Task:
Could you repeat, exactly and with no pictures, only the lines from the start of the records through the line containing "고양이를 수놓은 스웨트셔츠는"?

Excerpted records:

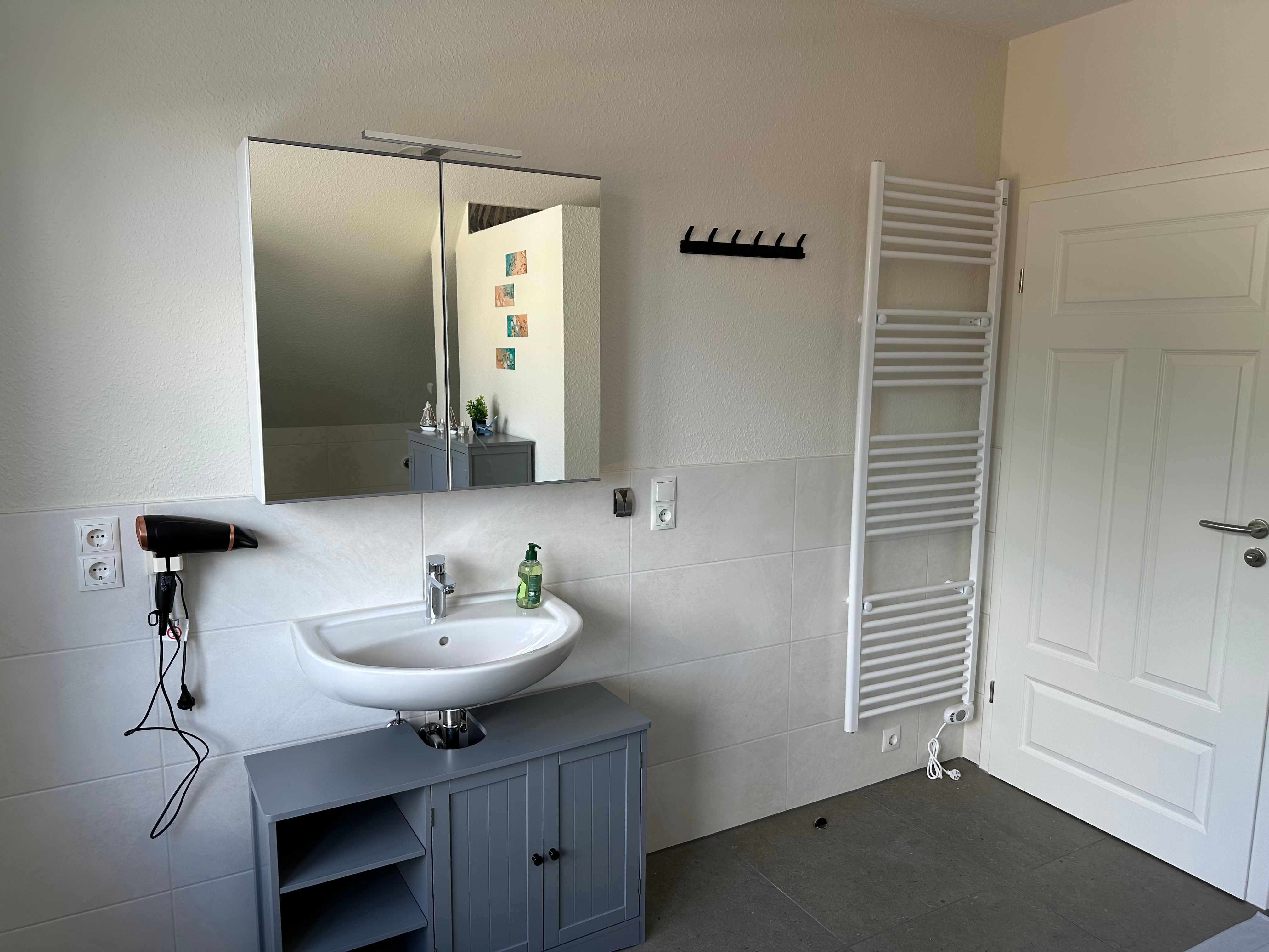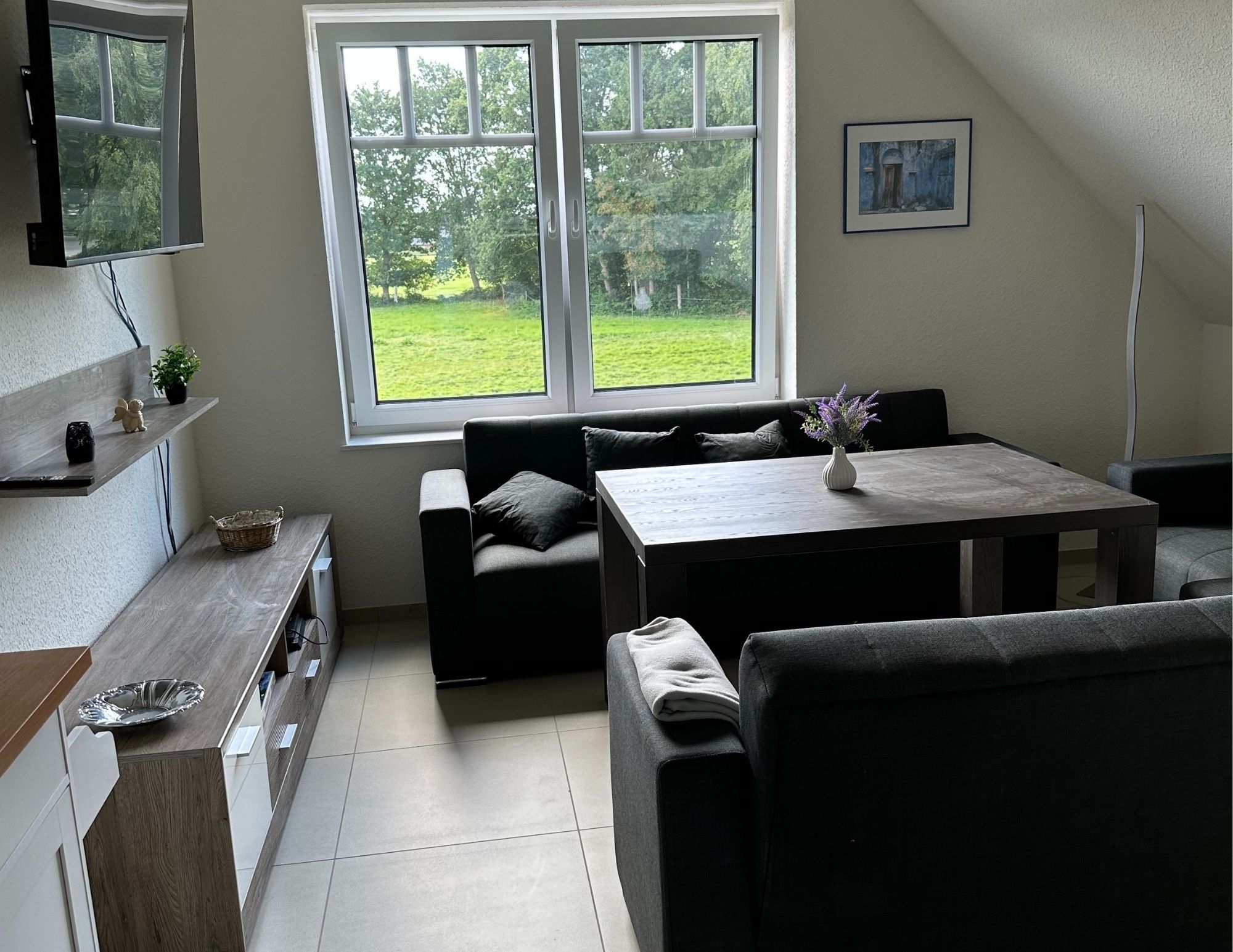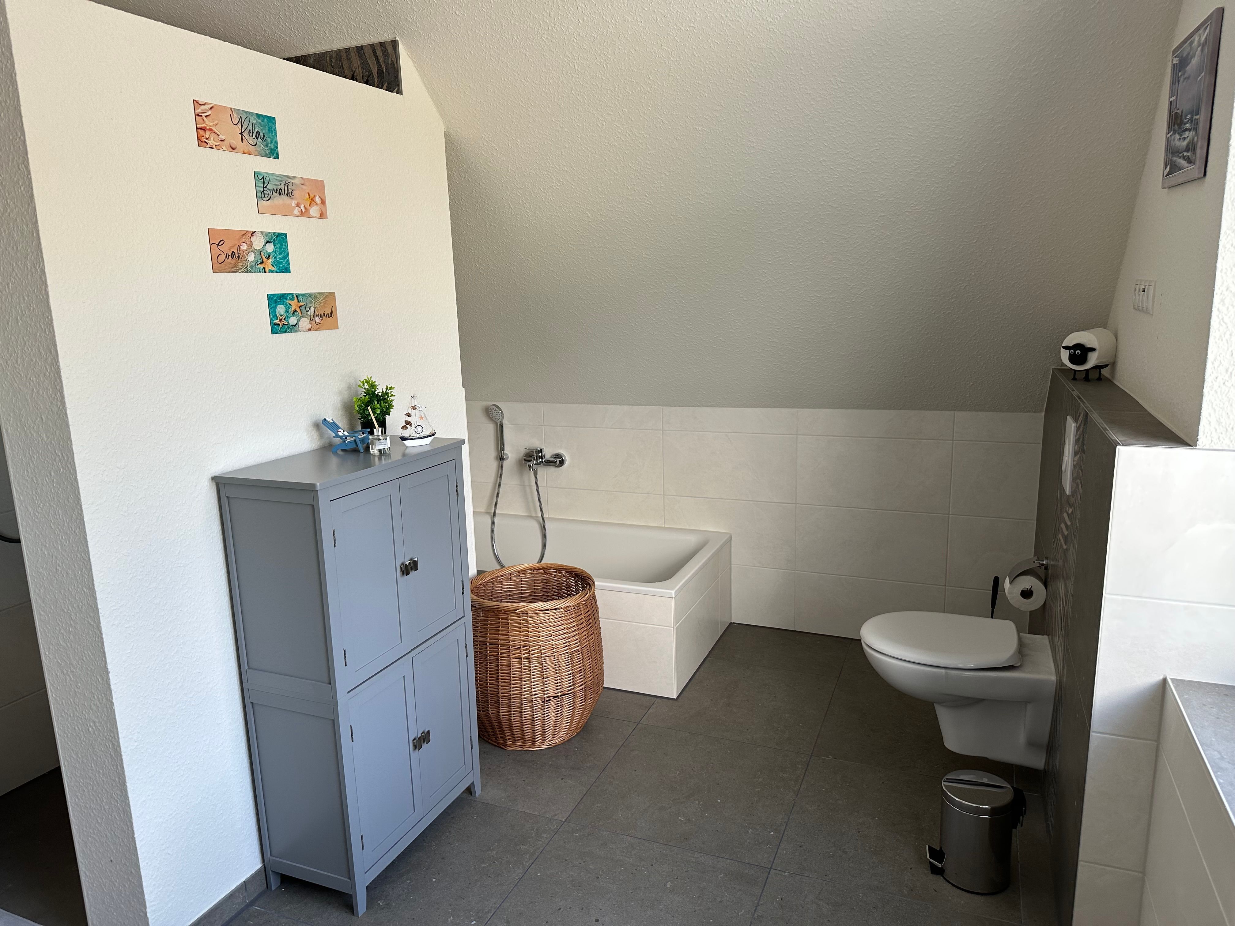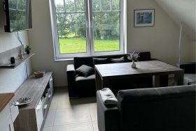 Die neu gebaute Ferienwohnung liegt im Obergeschoss und verfügt über eine gemütliche Wohnküche mit einem schönen Blick in die Natur. Die Wohnküche bietet eine zusätzliche Schlafmöglichkeit durch eine Couch, zwei gemütliche Doppelzimmer (1 Boxspringbett 1,80m x 2,00m und 1 Doppelbett 1,40m x 2,00m) sowie ein Bad mit einer Badewanne zum Entspannen und einer ebenerdigen Dusche. Eine Sitzecke im Garten steht Ihnen zur Verfügung.
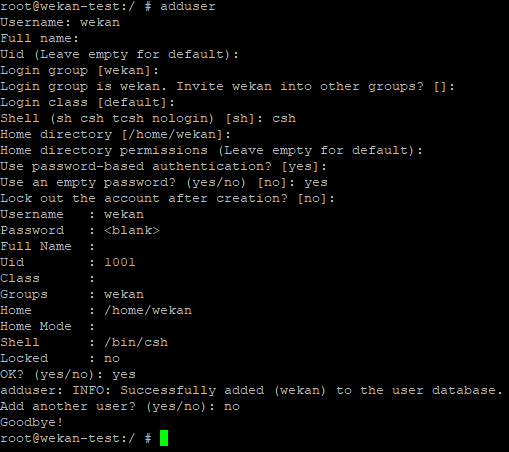 Next, we want to start Wekan as a service and use the config we just made. Exit from su wekan, then edit /usr/local/etc/rc.d/wekan.
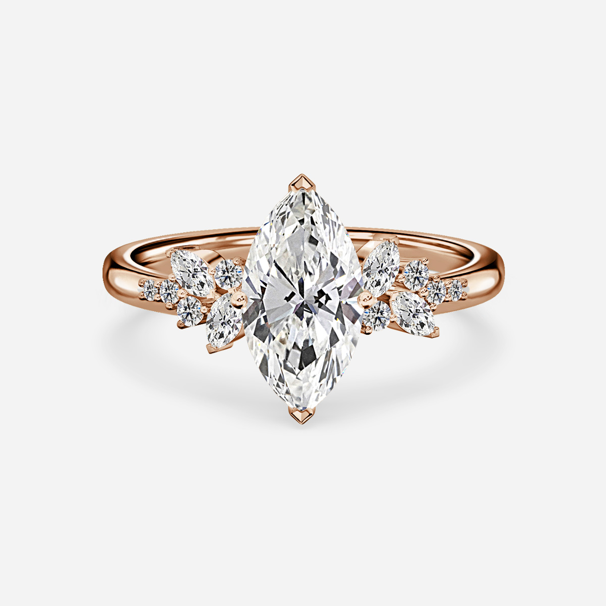 The flower pattern engagement ring in rose gold features a stunning round and marquise diamond on each side of the center stone. The arrangement creates a beautiful and intricate design that is both timeless and elegant. This engagement ring is the perfect symbol of love and commitment to last a lifetime. Handcrafted in Hatton Garden, London Centre Diamond Not Included Setting Only
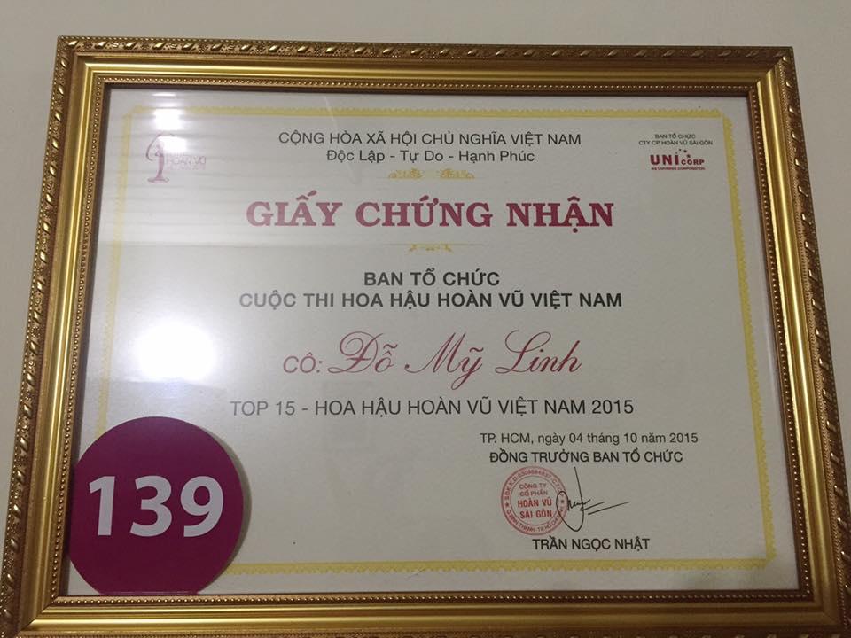 Giấy chứng nhận top 15 của Đỗ Mỹ Linh ở Hoa hậu Hoàn Vũ 2015
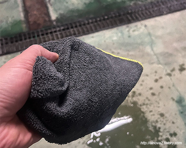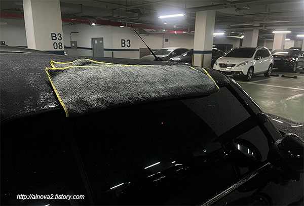 세차 과정중에 아마 가장 시간이 많이 걸리고, 중요한 단계인것 같다. 드라잉타월로 위에서 아래로 물기를 닦아 준다. 이때 박박 문지르듯이 닦으면 차량에 기스(스월)이 생기니 살살 다월로 물기를 위 아래로 닦아야 한다.
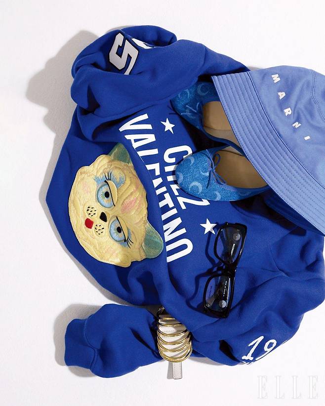 고양이를 수놓은 스웨트셔츠는 2백65만원, Valentino. 버킷 햇은 가격 미정, Marni. 레페토와 협업한 데님 플랫 슈즈는 63만8천원, Marine Serre. 볼드한 링이 달린 브레이슬릿은 1백8만원, Tod’s. 각진 프레임의 안경은 57만원, Balenciaga by Kering Eyewear.
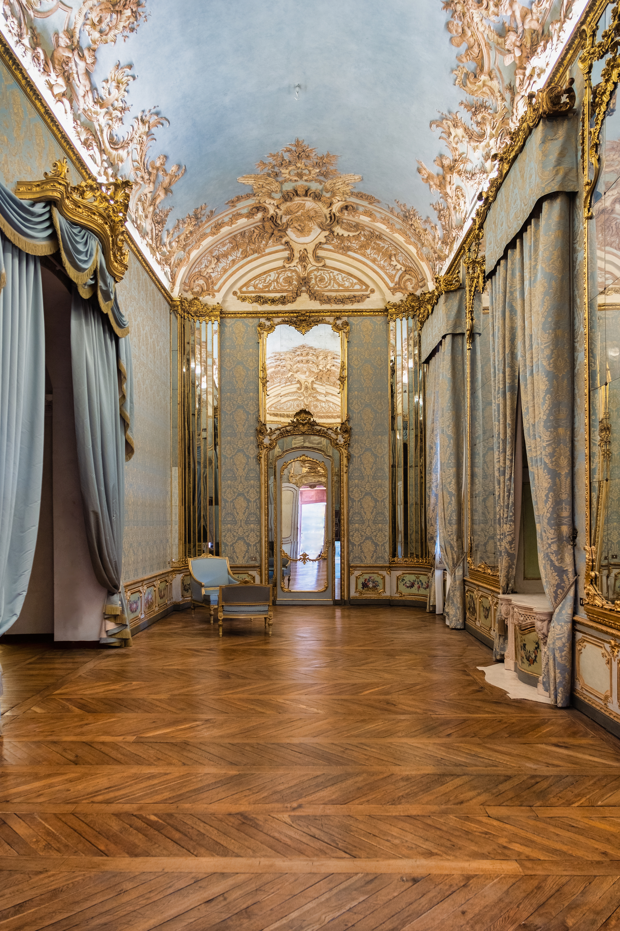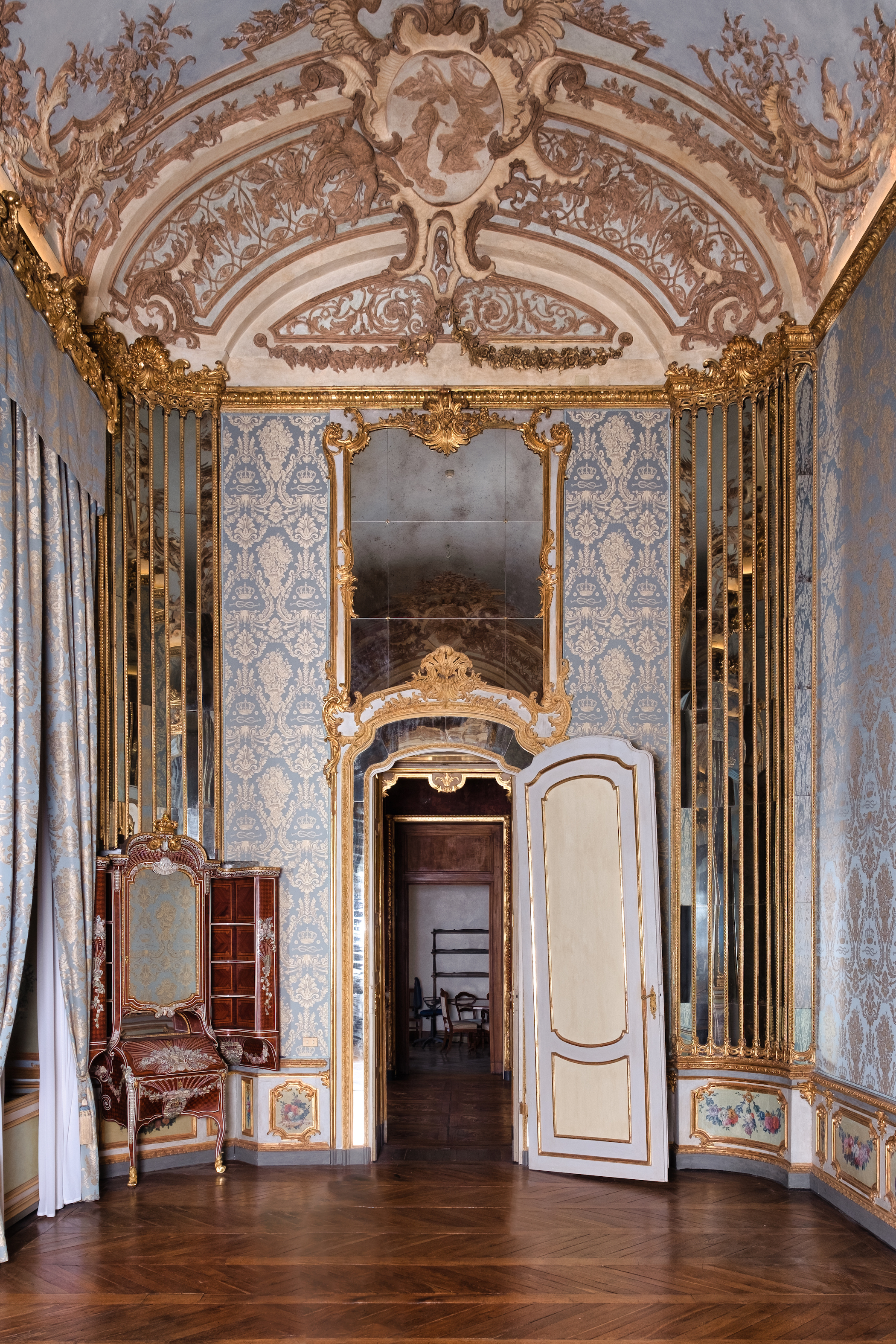 «Gli interventi conservativi nell’appartamento del Duca del Chiablese, Benedetto Maurizio di Savoia, figlio cadetto del re di Sardegna Carlo Emanuele III sono iniziati nel 2016 grazie al sostegno della Consulta per la valorizzazione dei beni artistici e culturali di Torino con il restauro del Gabinetto degli Specchi e del Gabinetto doppio. Il progetto è proseguito nel 2019 con il complesso recupero della Camera dell’Alcova, seguito nel 2020 dagli interventi nelle Camere di udienza e da letto del duca.
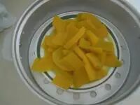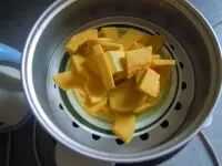 2.蒸熟的南瓜,南瓜很容易熟。

Output of the exercise:
 Die neu gebaute Ferienwohnung liegt im Obergeschoss und verfügt über eine gemütliche Wohnküche mit einem schönen Blick in die Natur. Die Wohnküche bietet eine zusätzliche Schlafmöglichkeit durch eine Couch, zwei gemütliche Doppelzimmer (1 Boxspringbett 1,80m x 2,00m und 1 Doppelbett 1,40m x 2,00m) sowie ein Bad mit einer Badewanne zum Entspannen und einer ebenerdigen Dusche. Eine Sitzecke im Garten steht Ihnen zur Verfügung.
 Next, we want to start Wekan as a service and use the config we just made. Exit from su wekan, then edit /usr/local/etc/rc.d/wekan.
 The flower pattern engagement ring in rose gold features a stunning round and marquise diamond on each side of the center stone. The arrangement creates a beautiful and intricate design that is both timeless and elegant. This engagement ring is the perfect symbol of love and commitment to last a lifetime. Handcrafted in Hatton Garden, London Centre Diamond Not Included Setting Only
 Giấy chứng nhận top 15 của Đỗ Mỹ Linh ở Hoa hậu Hoàn Vũ 2015
 세차 과정중에 아마 가장 시간이 많이 걸리고, 중요한 단계인것 같다. 드라잉타월로 위에서 아래로 물기를 닦아 준다. 이때 박박 문지르듯이 닦으면 차량에 기스(스월)이 생기니 살살 다월로 물기를 위 아래로 닦아야 한다.
 고양이를 수놓은 스웨트셔츠는 2백65만원, Valentino. 버킷 햇은 가격 미정, Marni. 레페토와 협업한 데님 플랫 슈즈는 63만8천원, Marine Serre. 볼드한 링이 달린 브레이슬릿은 1백8만원, Tod’s. 각진 프레임의 안경은 57만원, Balenciaga by Kering Eyewear.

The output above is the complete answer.